Provided entries =

☆ ☆ ☆ ☆ ☆

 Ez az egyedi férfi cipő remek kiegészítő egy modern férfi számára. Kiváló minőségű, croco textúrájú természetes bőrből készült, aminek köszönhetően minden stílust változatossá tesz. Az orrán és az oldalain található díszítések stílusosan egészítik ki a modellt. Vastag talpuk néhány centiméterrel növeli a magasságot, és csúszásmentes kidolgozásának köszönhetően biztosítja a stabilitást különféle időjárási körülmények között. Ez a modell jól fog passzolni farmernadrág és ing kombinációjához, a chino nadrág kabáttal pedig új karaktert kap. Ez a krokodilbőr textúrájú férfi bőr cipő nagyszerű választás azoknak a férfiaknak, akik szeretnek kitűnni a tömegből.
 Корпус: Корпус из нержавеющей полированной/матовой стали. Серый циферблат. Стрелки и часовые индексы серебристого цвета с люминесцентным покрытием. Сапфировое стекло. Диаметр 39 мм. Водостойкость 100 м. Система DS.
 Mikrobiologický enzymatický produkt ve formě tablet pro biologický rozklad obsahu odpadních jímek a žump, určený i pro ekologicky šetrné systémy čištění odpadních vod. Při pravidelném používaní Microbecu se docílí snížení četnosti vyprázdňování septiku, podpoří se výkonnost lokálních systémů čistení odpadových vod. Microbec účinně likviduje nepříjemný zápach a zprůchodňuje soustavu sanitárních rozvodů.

☆ ☆ ☆ ☆ ☆

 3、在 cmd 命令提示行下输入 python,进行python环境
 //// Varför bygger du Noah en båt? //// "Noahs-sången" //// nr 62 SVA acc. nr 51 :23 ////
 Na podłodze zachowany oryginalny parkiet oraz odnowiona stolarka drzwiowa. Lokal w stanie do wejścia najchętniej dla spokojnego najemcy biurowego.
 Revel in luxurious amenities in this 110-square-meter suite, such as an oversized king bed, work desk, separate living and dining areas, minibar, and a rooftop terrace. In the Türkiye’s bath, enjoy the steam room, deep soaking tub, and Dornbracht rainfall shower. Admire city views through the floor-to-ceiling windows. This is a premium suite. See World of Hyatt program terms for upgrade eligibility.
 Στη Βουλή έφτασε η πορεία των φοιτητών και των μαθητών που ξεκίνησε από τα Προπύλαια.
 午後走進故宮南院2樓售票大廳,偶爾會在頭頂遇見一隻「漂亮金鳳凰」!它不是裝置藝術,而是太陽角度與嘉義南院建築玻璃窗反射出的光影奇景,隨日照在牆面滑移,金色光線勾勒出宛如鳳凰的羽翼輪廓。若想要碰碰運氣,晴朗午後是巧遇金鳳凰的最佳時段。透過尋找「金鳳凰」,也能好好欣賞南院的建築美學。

☆ ☆ ☆ ☆ ☆

Each line in the listing above from the one containing "Ez az egyedi" through the one containing "Mikrobiologický enzymatický produkt" should be repeated exactly, and no other line.

 Ez az egyedi férfi cipő remek kiegészítő egy modern férfi számára. Kiváló minőségű, croco textúrájú természetes bőrből készült, aminek köszönhetően minden stílust változatossá tesz. Az orrán és az oldalain található díszítések stílusosan egészítik ki a modellt. Vastag talpuk néhány centiméterrel növeli a magasságot, és csúszásmentes kidolgozásának köszönhetően biztosítja a stabilitást különféle időjárási körülmények között. Ez a modell jól fog passzolni farmernadrág és ing kombinációjához, a chino nadrág kabáttal pedig új karaktert kap. Ez a krokodilbőr textúrájú férfi bőr cipő nagyszerű választás azoknak a férfiaknak, akik szeretnek kitűnni a tömegből.
 Корпус: Корпус из нержавеющей полированной/матовой стали. Серый циферблат. Стрелки и часовые индексы серебристого цвета с люминесцентным покрытием. Сапфировое стекло. Диаметр 39 мм. Водостойкость 100 м. Система DS.
 Mikrobiologický enzymatický produkt ve formě tablet pro biologický rozklad obsahu odpadních jímek a žump, určený i pro ekologicky šetrné systémy čištění odpadních vod. Při pravidelném používaní Microbecu se docílí snížení četnosti vyprázdňování septiku, podpoří se výkonnost lokálních systémů čistení odpadových vod. Microbec účinně likviduje nepříjemný zápach a zprůchodňuje soustavu sanitárních rozvodů.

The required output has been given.